ORDER BY/ PRIMARY KEY for `samples` table

[R-omk]

I see that the primary key is chosen completely wrong for samples table. https://github.com/metrico/qryn/blob/161117c/lib/db/maintain/scripts.js#L13

This means that in one partition there will be completely different records with different fingerprints. In such a situation, there can be no effective compression due to heterogeneous content.

Moreover, fingerprint search is not efficient at all. For some prints, I have hundred millions lines of logs in an day. This leads to the fact that when searching for other fingerprints in the same time range, millions of spurious lines are scanned.

i'm sure the tuples should be ordered like this ORDER BY (fingerprint, timestamp_ns)

[akvlad]

Ok. Let's check a complicated clickhouse request and discuss which primary key we should use.

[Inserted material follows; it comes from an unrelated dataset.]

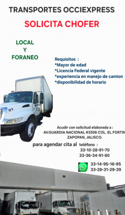 Enviar CV o datos de contacto al: sebastian.occiexpress@outlook.com, 3314951695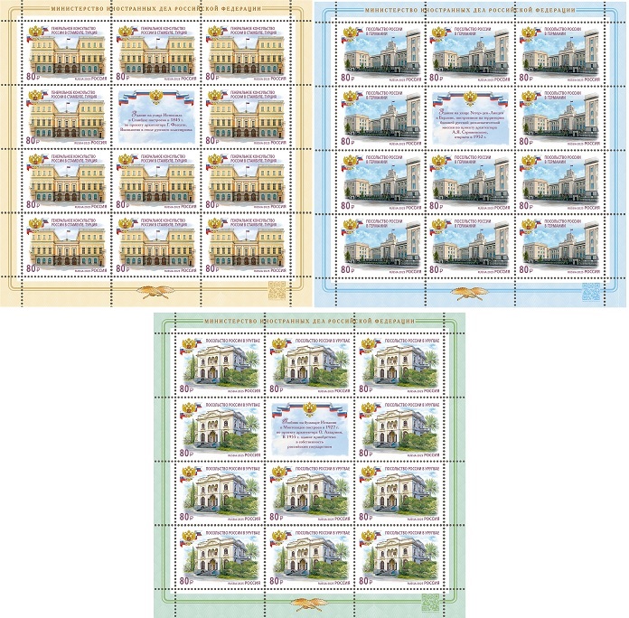 Russia 2025 Buildings of Russian diplomatic missions abroad Turkey Germany Uruguay Set of 3 sheetlets with labels MNH

sum(rate({forwarder="vector"} | regexp "appname\":\"(?<a>[^\"]+)" [1m])) by (a)

WITH
    idx_sel AS
    (
        SELECT sel_1.fingerprint
        FROM
        (
            SELECT fingerprint
            FROM cloki.time_series_gin
            WHERE (key = 'forwarder') AND (val = 'vector')
        ) AS sel_1
    ),
    rate_a AS
    (
        SELECT
            samples.string AS string,
            samples.fingerprint AS fingerprint,
            intDiv(samples.timestamp_ns, 1000000) AS timestamp_ns,
            JSONExtractKeysAndValues(time_series.labels, 'String') AS labels,
            arrayFilter(x -> (((x.1) != '') AND ((x.2) != '')), arrayZip(['a'], arrayMap(x -> (x[length(x)]), extractAllGroupsHorizontal(string, 'appname":"([^"]+)')))) AS extra_labels
        FROM cloki.samples_v3 AS samples
        ANY LEFT JOIN cloki.time_series ON samples.fingerprint = time_series.fingerprint
        WHERE ((samples.timestamp_ns >= 1663167960000000000) AND (samples.timestamp_ns <= 1663168320000000000)) AND (samples.fingerprint IN (idx_sel))
        ORDER BY timestamp_ns DESC
    ),
    rate_b AS
    (
        SELECT
            arraySort(arrayConcat(arrayFilter(x -> (arrayExists(y -> ((y.1) = (x.1)), extra_labels) = 0), labels), extra_labels)) AS labels,
            intDiv(timestamp_ns, 60000) * 60000 AS timestamp_ns,
            (toFloat64(count(1)) * 1000) / 60000 AS value
        FROM rate_a
        GROUP BY
            labels,
            timestamp_ns
        ORDER BY
            labels ASC,
            timestamp_ns ASC
    ),
    agg_a AS
    (
        SELECT
            labels,
            intDiv(timestamp_ns, 100000) * 100000 AS timestamp_ns,
            argMin(rate_b.value, rate_b.timestamp_ns) AS value
        FROM rate_b
        GROUP BY
            labels,
            timestamp_ns
        ORDER BY
            labels ASC,
            timestamp_ns ASC
    )
SELECT
    arrayFilter(x -> ((x.1) IN ('a')), labels) AS labels,
    timestamp_ns,
    sum(value) AS value
FROM agg_a
GROUP BY
    labels,
    timestamp_ns
ORDER BY
    labels ASC,
    timestamp_ns ASC

The ordering as @R-omk is suggesting used to exist. It was removed in the commit https://github.com/metrico/qryn/commit/496195f6f0115fce7bbb305a6f4db280b8b34dff about a year ago because of OOM errors upon such complicated requests.

[akvlad]

Actually I have been thinking lastly about some smart approach for this. Let's say we have a more deterministic part of fingerprint in another field. It is an 8-bit hash of subgroup of labels based on your last requests. For example you frequently search by the {app="myapp"} tag. Why can't the software remember that and optimize the newly incoming data accordingly?

[R-omk]

@akvlad , please explain what exactly is the problem and under what conditions it occurs.

--

Let's say we have a more deterministic part.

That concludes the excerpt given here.